At this, Sano tensed up considerably. "Oh, I uh… I didn't actually get to say goodbye to them before coming here. Sort of… rushed to Aizu, actually. Sorry. And I made most of the journey on foot, it wouldn't have been comfortable for her, so, uh… sorry."
Megumi's eyebrows shot up from her surprise. "You what? Seven years and you're still an idiot enough to run to Aizu?" She couldn't believe her own declaration, and despite herself, she burst out laughing. It was oddly flattering, she admitted to herself, but its merit was stamped out by her judgment that it was an incredibly stupid thing to do.

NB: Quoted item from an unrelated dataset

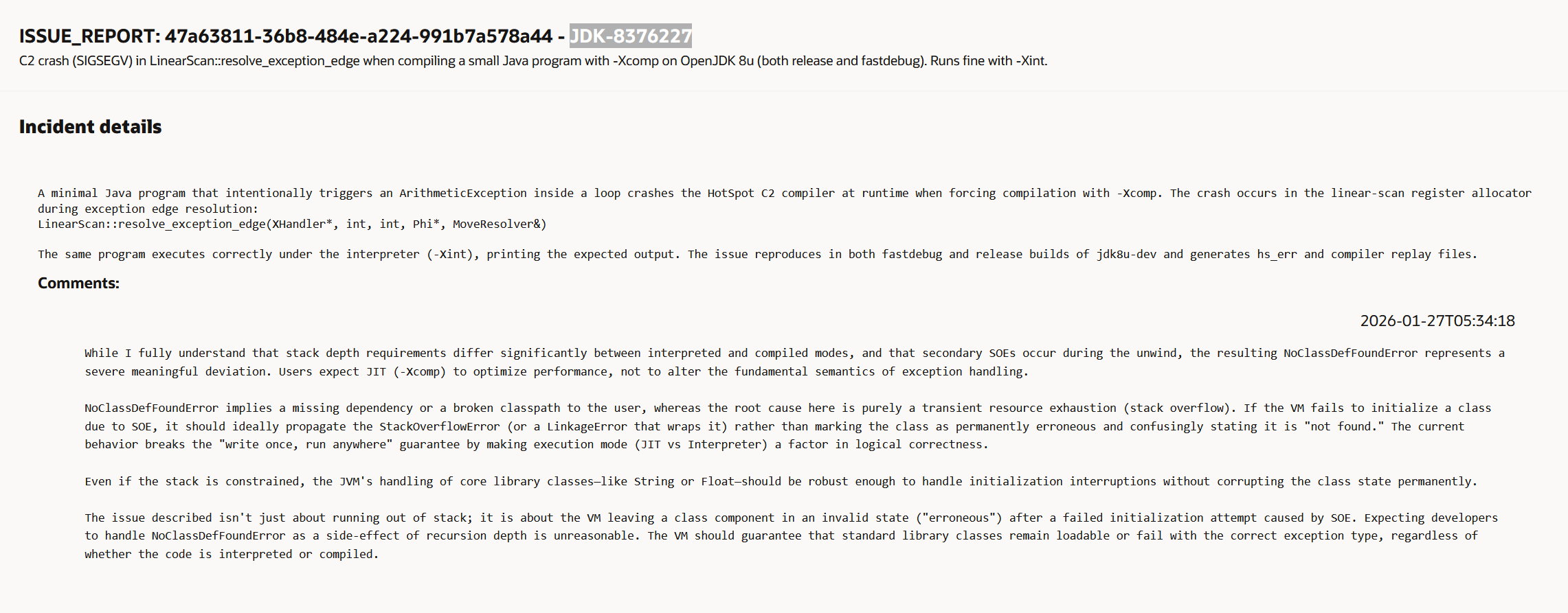 The same program executes correctly under the interpreter (-Xint), printing the expected output. The issue reproduces in both fastdebug and release builds of jdk8u-dev and generates hs_err and compiler replay files.
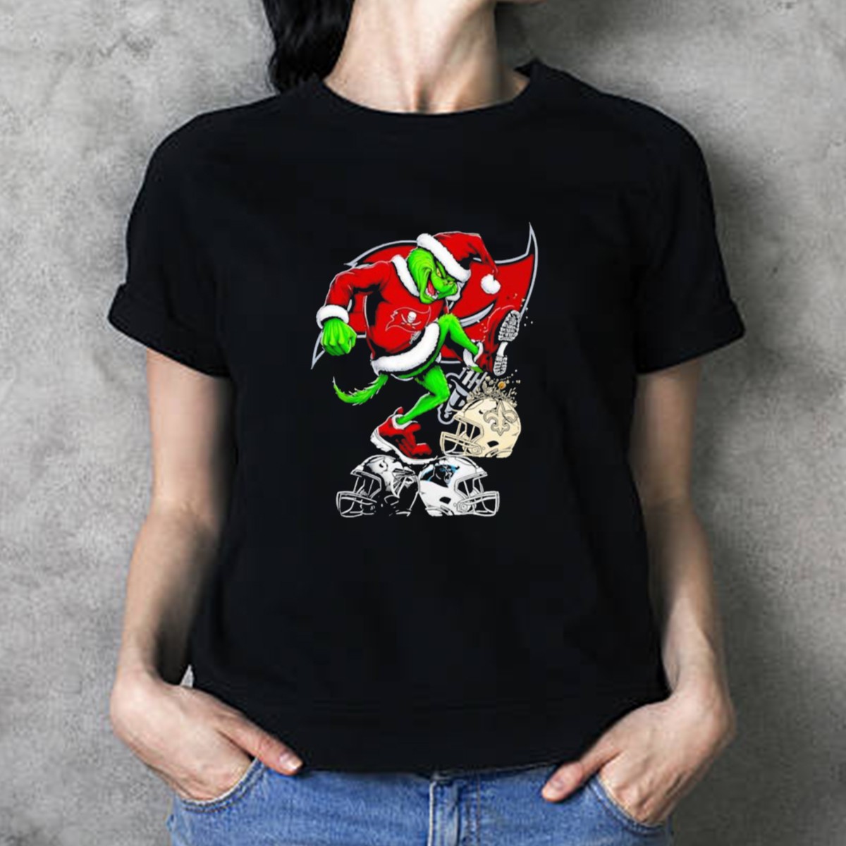 Get into the holiday spirit with our Tampa Bay Buccaneers Grinch Santa Stomping NFL Helmets Funny Christmas T-Shirt! Perfect for die-hard Buccaneers fans and anyone looking to add a dash of humor to their festive wardrobe, this shirt features a playful design that showcases your team pride while embracing the whimsical charm of the season. Whether you’re at a holiday party, a game day gathering, or just enjoying a casual day out, this shirt is a fun way to celebrate the holidays and your favorite team.

"Well—damn it, I didn't run all the way, I took a train the farthest it could take me—anyway, when it finally dawned on me how much things have changed, I had to see you for myself. I was expecting an old maid with white hair before I saw you at the gate—" Megumi chucked a bowl at him for this. "—I wasn't finished! Of course, instead I saw you like that and I—something clicked, you know, like I'm home, I'm really home…" he trailed off in a murmur that Megumi didn't catch, and he looked like he was thinking very hard about something.
"Saw me like what, pray tell?" she challenged instead.
Sano stared at her and cocked his head to the side as if studying her, and said, "Like that," he motioned vaguely at her. "The same Fox, just different. I don't know." Megumi gave him a stern look.
He visibly shook himself out of his stupor and gathered the tray of bowls to clean them up in the back room, changing the topic as hastily as he had started it. "I need a place to stay, Megumi. Could you lend me a room?"
Megumi didn't entirely trust her china with him, but he seemed determined to keep his end of the deal of dinner by cleaning up, and oddly, staying away from her for a while. She sighed. "I suppose you must be tired from running to Aizu." She rolled her eyes. "You can leave those to be washed tomorrow when you've rested. Come, I'll show you to your room."
She walked him along the hallways to stop in front of the patient room farthest from her personal quarters. She showed him where he could put his belongings, and wished him good night, before shutting the shoji behind her.
Before she got very far, she heard him sigh from the other side of the paper-thin door, muttering something that got lost in the wind, which sounded suspiciously like a wistful, "I missed you, too, Kitsune."